▸ **Exercise prompt**:
What you return should be the complete data below, word for word, with no pictures in it.

BEGIN Dataset excerpt

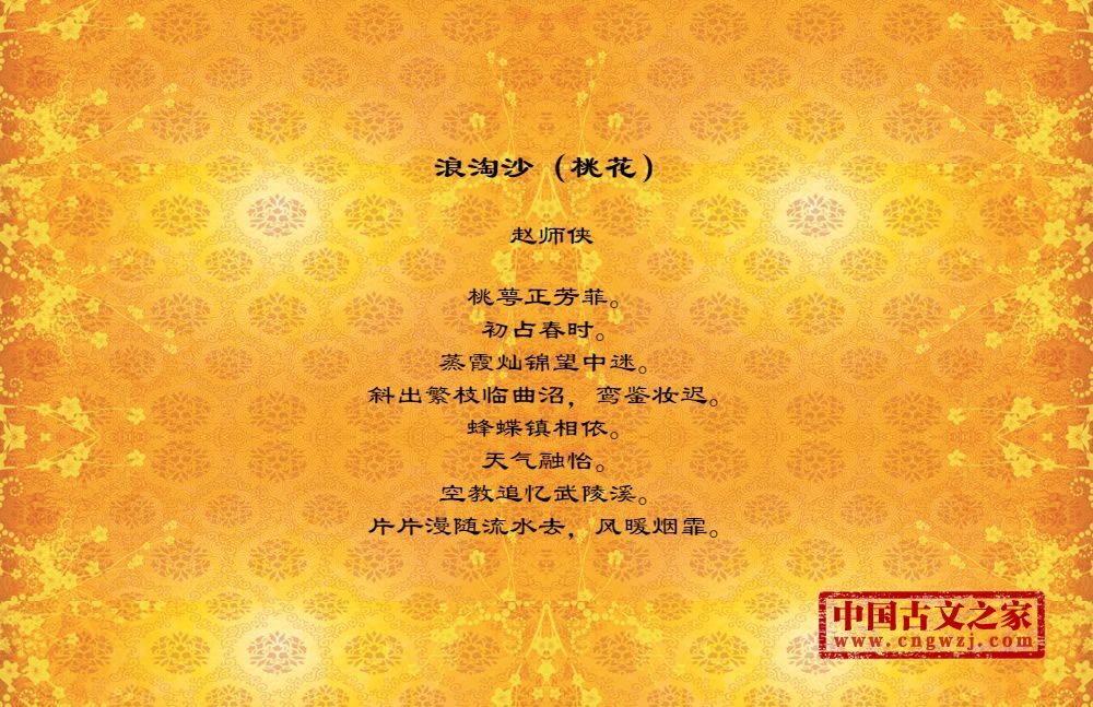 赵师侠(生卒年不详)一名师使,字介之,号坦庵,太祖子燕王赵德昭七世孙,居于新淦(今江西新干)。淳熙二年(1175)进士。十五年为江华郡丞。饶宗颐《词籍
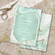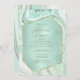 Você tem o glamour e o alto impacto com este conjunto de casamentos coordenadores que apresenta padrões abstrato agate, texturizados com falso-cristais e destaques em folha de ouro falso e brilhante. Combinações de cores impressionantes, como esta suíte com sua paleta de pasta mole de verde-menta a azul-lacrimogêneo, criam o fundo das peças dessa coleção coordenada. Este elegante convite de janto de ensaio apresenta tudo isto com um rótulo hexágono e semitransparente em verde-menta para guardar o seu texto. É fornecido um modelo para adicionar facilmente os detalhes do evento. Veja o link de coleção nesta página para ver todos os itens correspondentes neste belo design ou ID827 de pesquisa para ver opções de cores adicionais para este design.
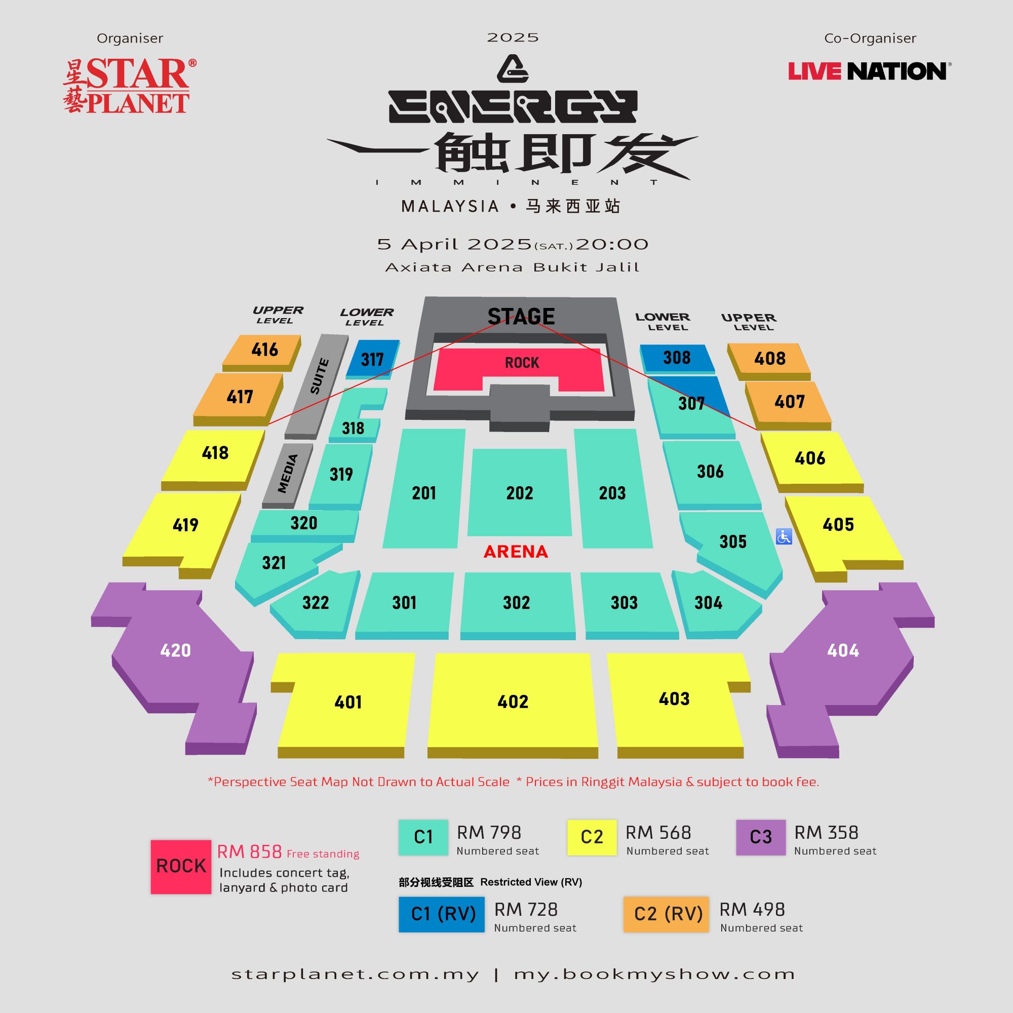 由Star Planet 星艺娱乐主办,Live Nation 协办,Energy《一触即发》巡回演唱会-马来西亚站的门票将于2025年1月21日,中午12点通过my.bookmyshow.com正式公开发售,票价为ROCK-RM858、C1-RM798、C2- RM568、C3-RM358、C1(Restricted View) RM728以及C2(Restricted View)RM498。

END Dataset excerpt

▸ **Task answer**:
 赵师侠(生卒年不详)一名师使,字介之,号坦庵,太祖子燕王赵德昭七世孙,居于新淦(今江西新干)。淳熙二年(1175)进士。十五年为江华郡丞。饶宗颐《词籍
 Você tem o glamour e o alto impacto com este conjunto de casamentos coordenadores que apresenta padrões abstrato agate, texturizados com falso-cristais e destaques em folha de ouro falso e brilhante. Combinações de cores impressionantes, como esta suíte com sua paleta de pasta mole de verde-menta a azul-lacrimogêneo, criam o fundo das peças dessa coleção coordenada. Este elegante convite de janto de ensaio apresenta tudo isto com um rótulo hexágono e semitransparente em verde-menta para guardar o seu texto. É fornecido um modelo para adicionar facilmente os detalhes do evento. Veja o link de coleção nesta página para ver todos os itens correspondentes neste belo design ou ID827 de pesquisa para ver opções de cores adicionais para este design.
 由Star Planet 星艺娱乐主办,Live Nation 协办,Energy《一触即发》巡回演唱会-马来西亚站的门票将于2025年1月21日,中午12点通过my.bookmyshow.com正式公开发售,票价为ROCK-RM858、C1-RM798、C2- RM568、C3-RM358、C1(Restricted View) RM728以及C2(Restricted View)RM498。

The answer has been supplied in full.